_Record extracts_
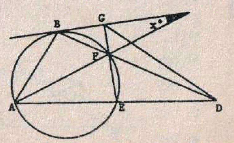 Se [tex3]\overset{\LARGE{\frown}}{AE} = 90^o [/tex3], [tex3]\angle BDA = 60^o , [/tex3] e [tex3]\angle BAF =\angle FDG[/tex3], calcular xo sendo B ponto de tangência.
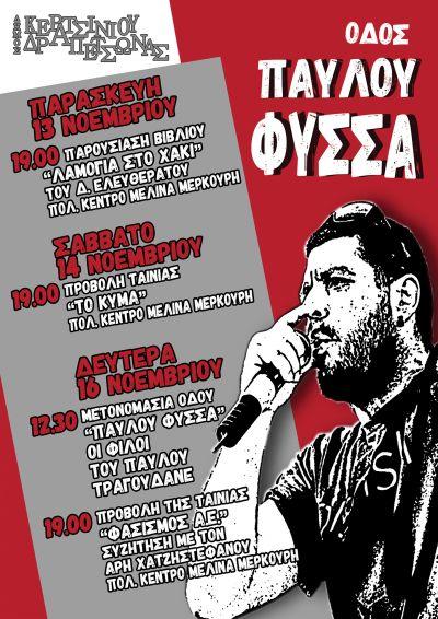 Οι κάτοικοι της περιοχής εδώ και ένα χρόνο είχαν ήδη αναρτήσει ταμπέλα με την επιγραφή «οδός αντιφασίστα Παύλου Φύσσα» στην περιοχή, αλλά τώρα γίνεται και επισήμως η μετονομασία. Ο εορτασμός θα ξεκινήσει σήμερα Παρασκευή 13/11 στις 19.00 με παρουσίαση του βιβλίου «Λαμόγια στο χακί», θα συνεχιστεί το Σάββατο με προβολή της ταινίας «Το Κύμα» στο πολιτιστικό κέντρο Μελίνα Μερκούρη και θα ολοκληρωθεί τη Δευτέρα με τους φίλους του Παύλου να τραγουδούν ζωντανά κατά την μετονομασία της οδού στις 12.30 και με την προβολή της ταινίας Φασισμός ΑΕ στις 19.00 Δείτε τις εκδηλώσεις αναλυτικά στην παρακάτω αφίσα.
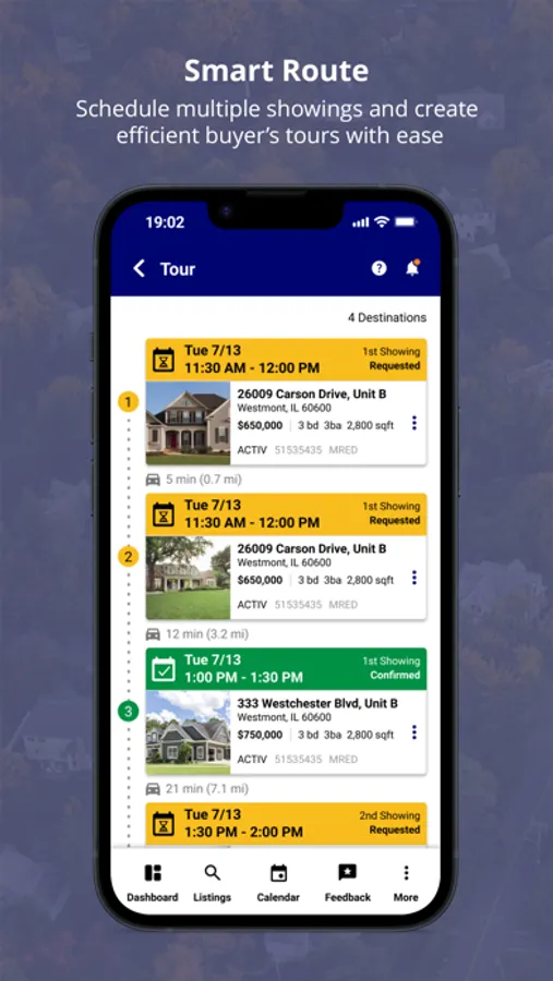 Effortlessly Schedule and Access Showings: Take control of your busy schedule with our intuitive mobile app. Seamlessly schedule showings, view instructions and access vital details anytime, anywhere. Buyers’ agents can plan a tour in minutes with an optimized Smart Route, adding multiple properties to a tour directly from the MLS and placing them in a cart.
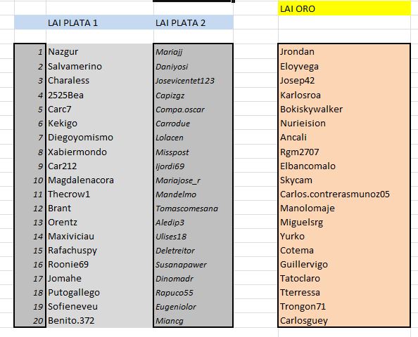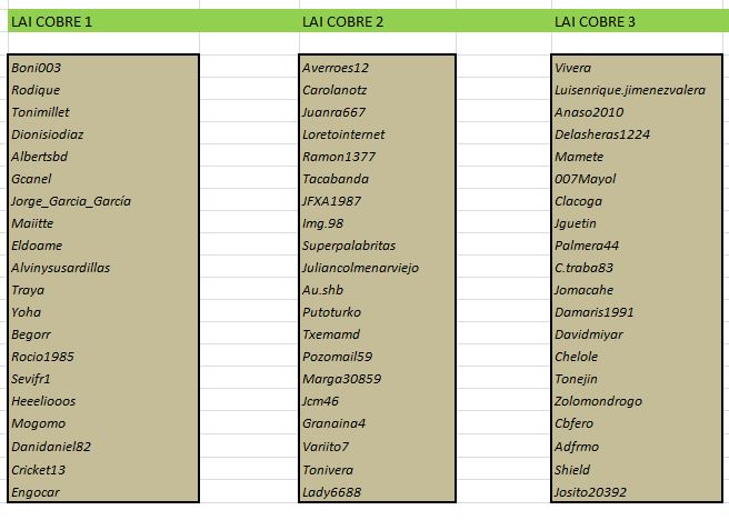 SI hubiera alguna baja hay varios jugadores de reserva que entrarían en LAI cobre, y si hubiera que ascender a algún jugador a categoría superior los jugadores con mejor ranking son Quiara ( mejor ranking en bronce) y Boni003 ( mejor ranking de cobre)
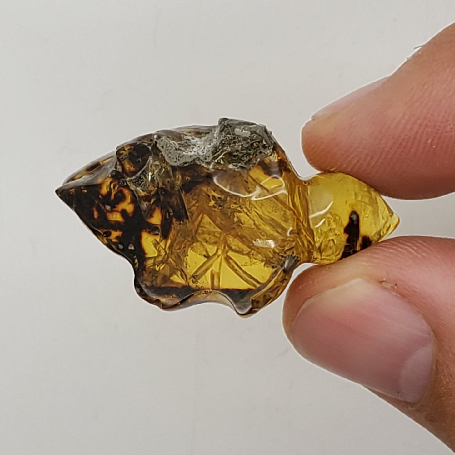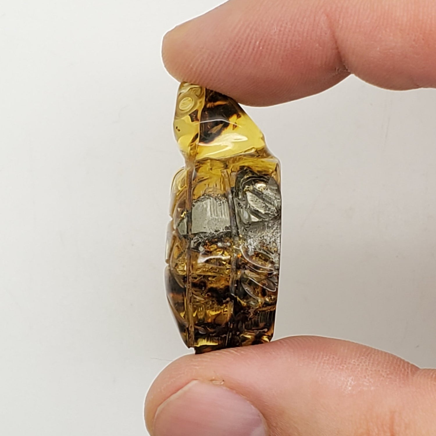 Hand Carved Chiapas Amber Turtle Talisman charm with UV Reactive and Pyritized Inclusions!
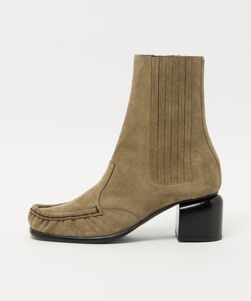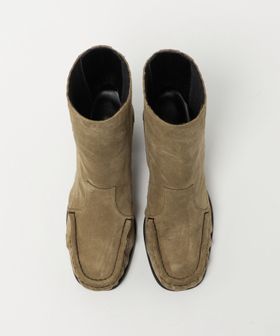 風合いのある素材とシェイプのかかったフォルムが特徴のショートブーツ。
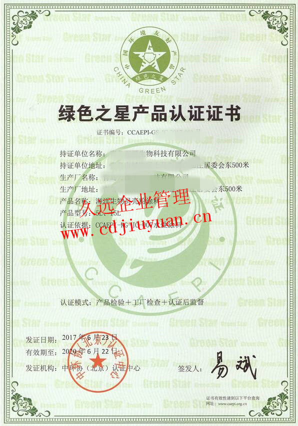 綠色之星產(chǎn)品認證證書
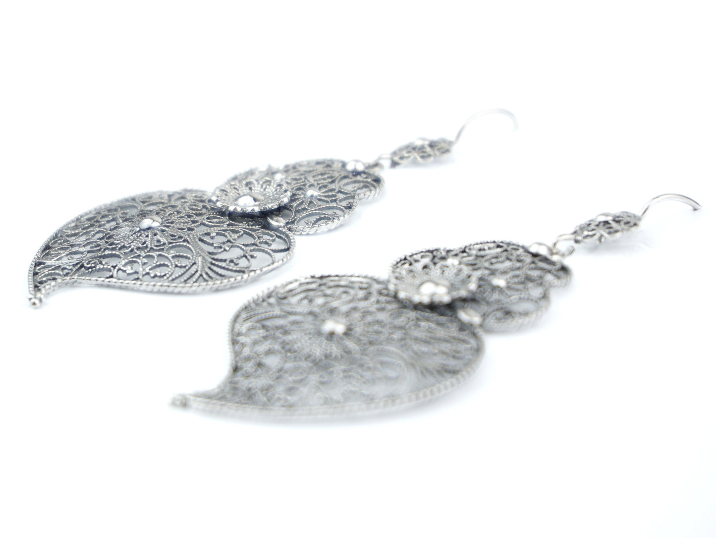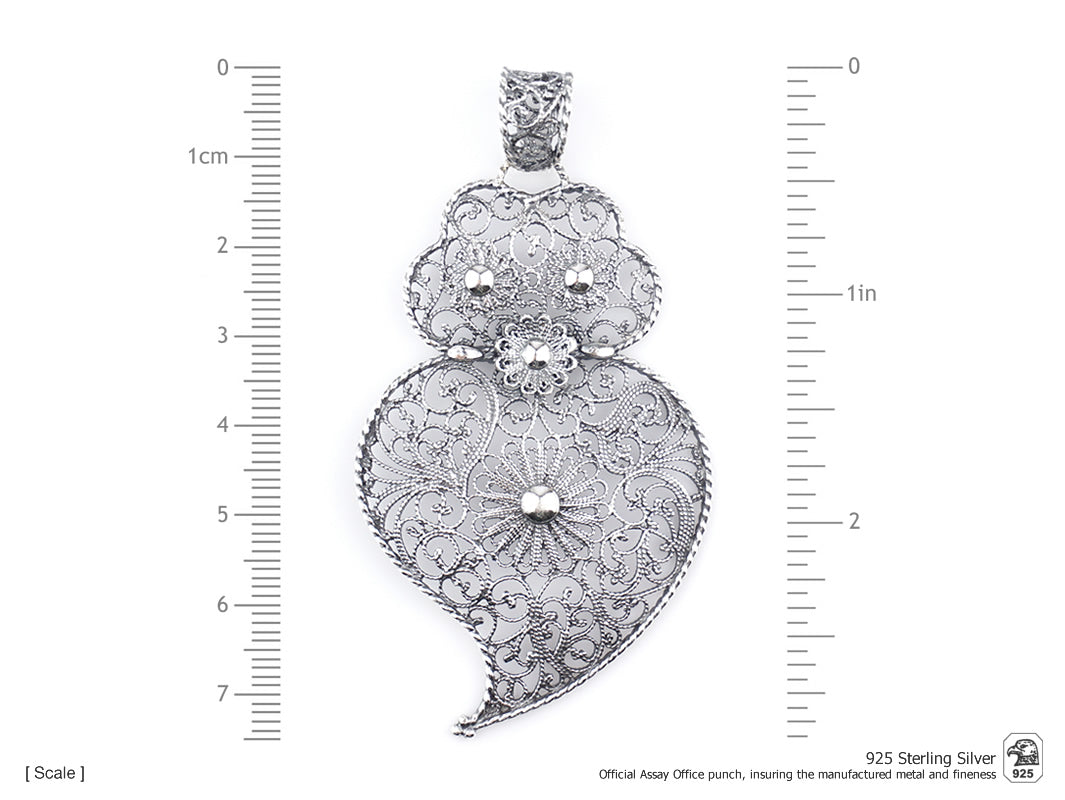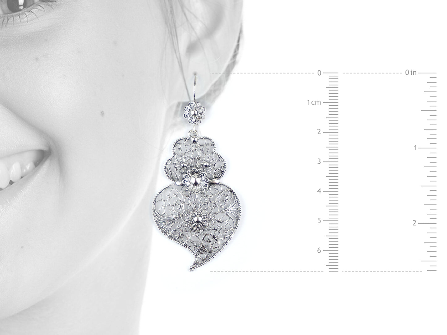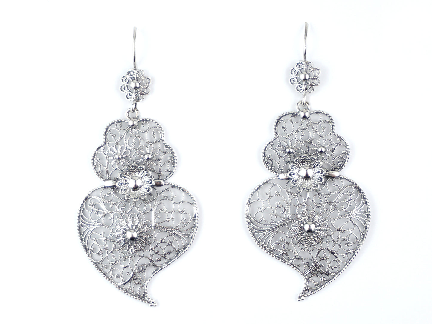 Large Fidalga Earrings and Lace Heart Necklace Set, Portuguese Filigree, 925 Sterling Silver
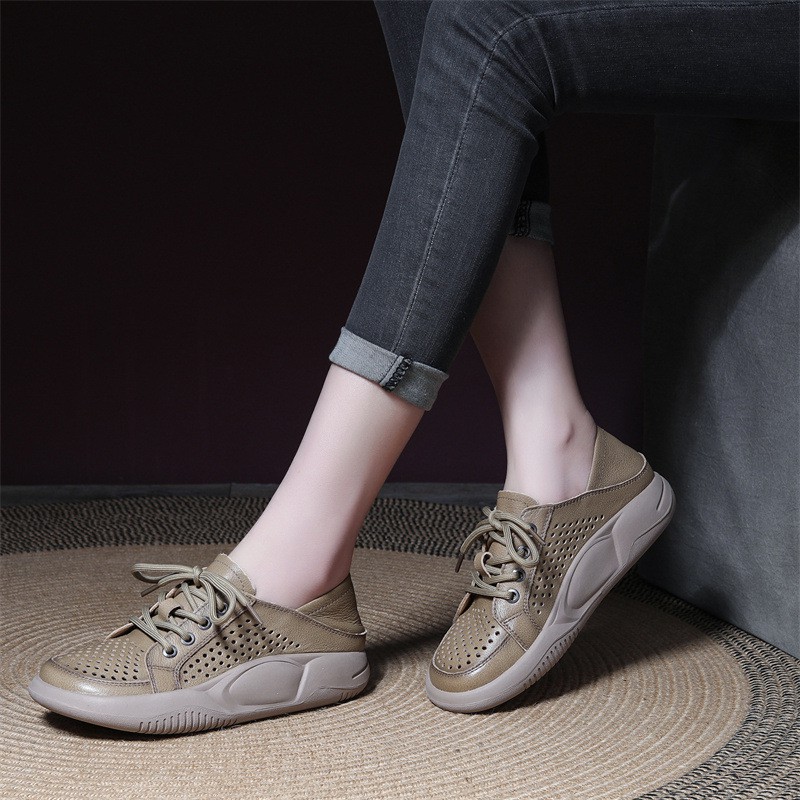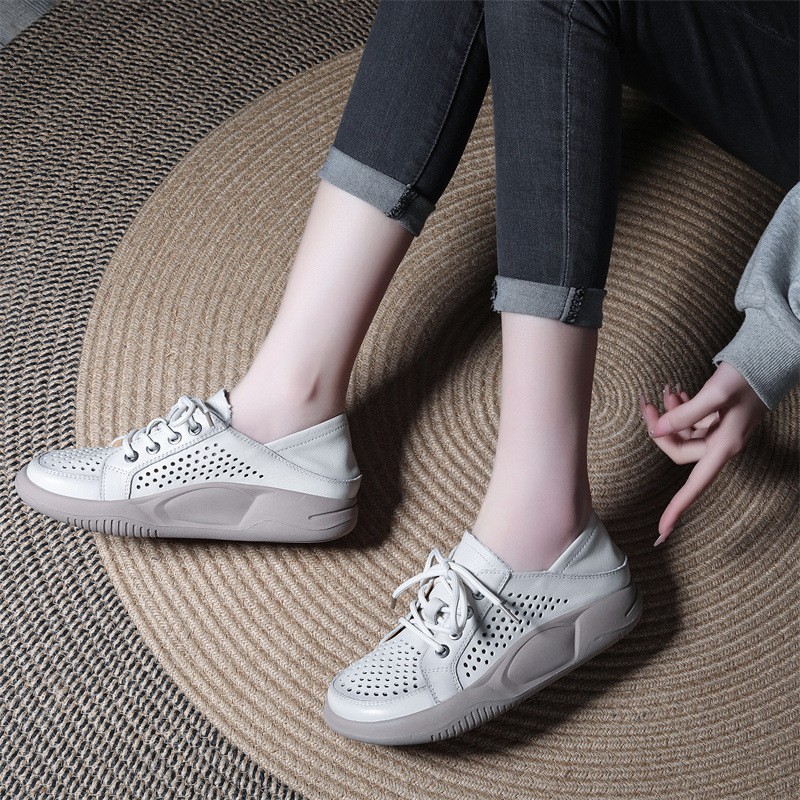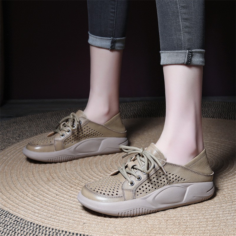 Sports And Leisure Leather Single Shoes Hollow Strap Sandals With Solid Color Women's Shoes One Shoe Two Wear
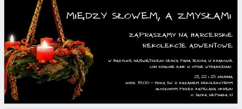 Ojciec Jacek Siepsiak Kapelan Okręgu wraz z Druhem Przewodniczącym, Druhną Komendantką i Druhem Komendantem serdecznie zapraszają instruktorki instruktorów, drużynowe i drużynowych, harcerki i harcerzy starszych na Rekolekcje Adwentowe.
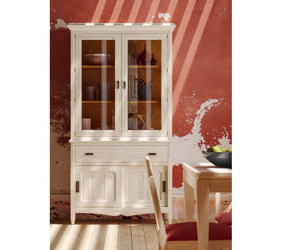 Elegantní masivní vitrína Amberes se skleněnými dvířky, šuplíky a posuvnými dvířky 210cm
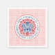 Red paper napkins showing the official Coronation Emblem of King Charles III 2023
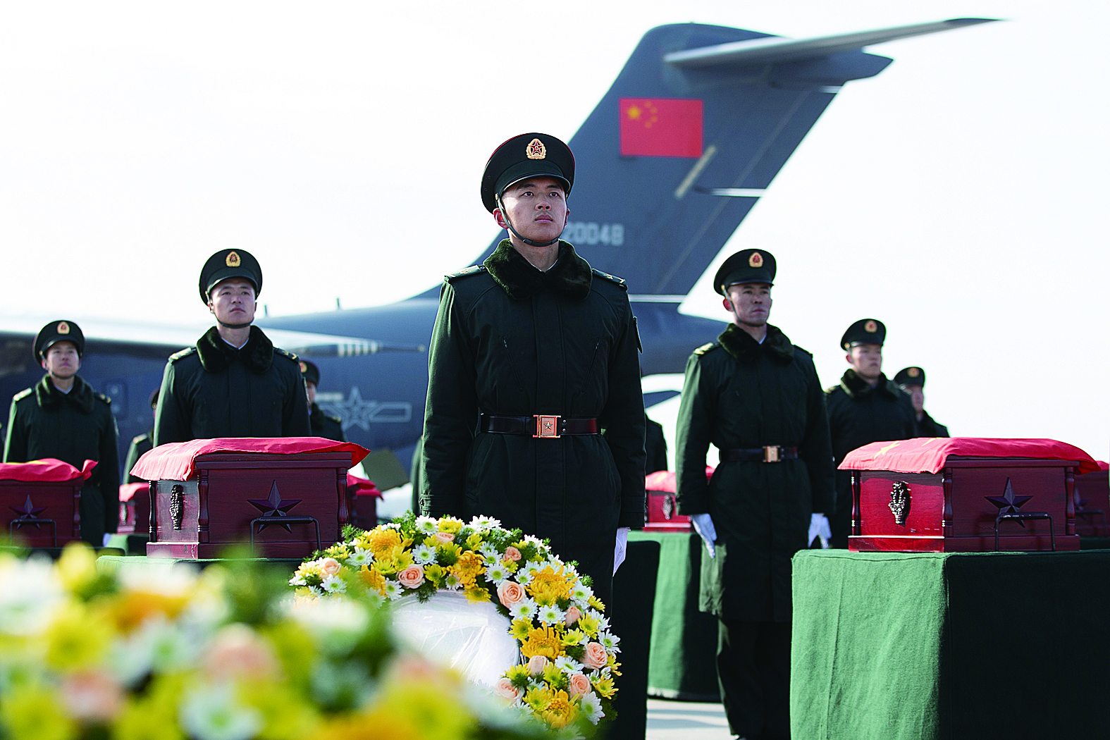 11月28日,在沈阳桃仙国际机场,礼兵将殓放志愿军烈士遗骸的棺椁从专机上护送至棺椁摆放区。新华社发(韩启扬 摄)

_Assigned task_
Copy word for word every line from the start of the material through the line holding "Οι κάτοικοι της". The pictures are not part of the copy.

_Finished exercise_
 Se [tex3]\overset{\LARGE{\frown}}{AE} = 90^o [/tex3], [tex3]\angle BDA = 60^o , [/tex3] e [tex3]\angle BAF =\angle FDG[/tex3], calcular xo sendo B ponto de tangência.
 Οι κάτοικοι της περιοχής εδώ και ένα χρόνο είχαν ήδη αναρτήσει ταμπέλα με την επιγραφή «οδός αντιφασίστα Παύλου Φύσσα» στην περιοχή, αλλά τώρα γίνεται και επισήμως η μετονομασία. Ο εορτασμός θα ξεκινήσει σήμερα Παρασκευή 13/11 στις 19.00 με παρουσίαση του βιβλίου «Λαμόγια στο χακί», θα συνεχιστεί το Σάββατο με προβολή της ταινίας «Το Κύμα» στο πολιτιστικό κέντρο Μελίνα Μερκούρη και θα ολοκληρωθεί τη Δευτέρα με τους φίλους του Παύλου να τραγουδούν ζωντανά κατά την μετονομασία της οδού στις 12.30 και με την προβολή της ταινίας Φασισμός ΑΕ στις 19.00 Δείτε τις εκδηλώσεις αναλυτικά στην παρακάτω αφίσα.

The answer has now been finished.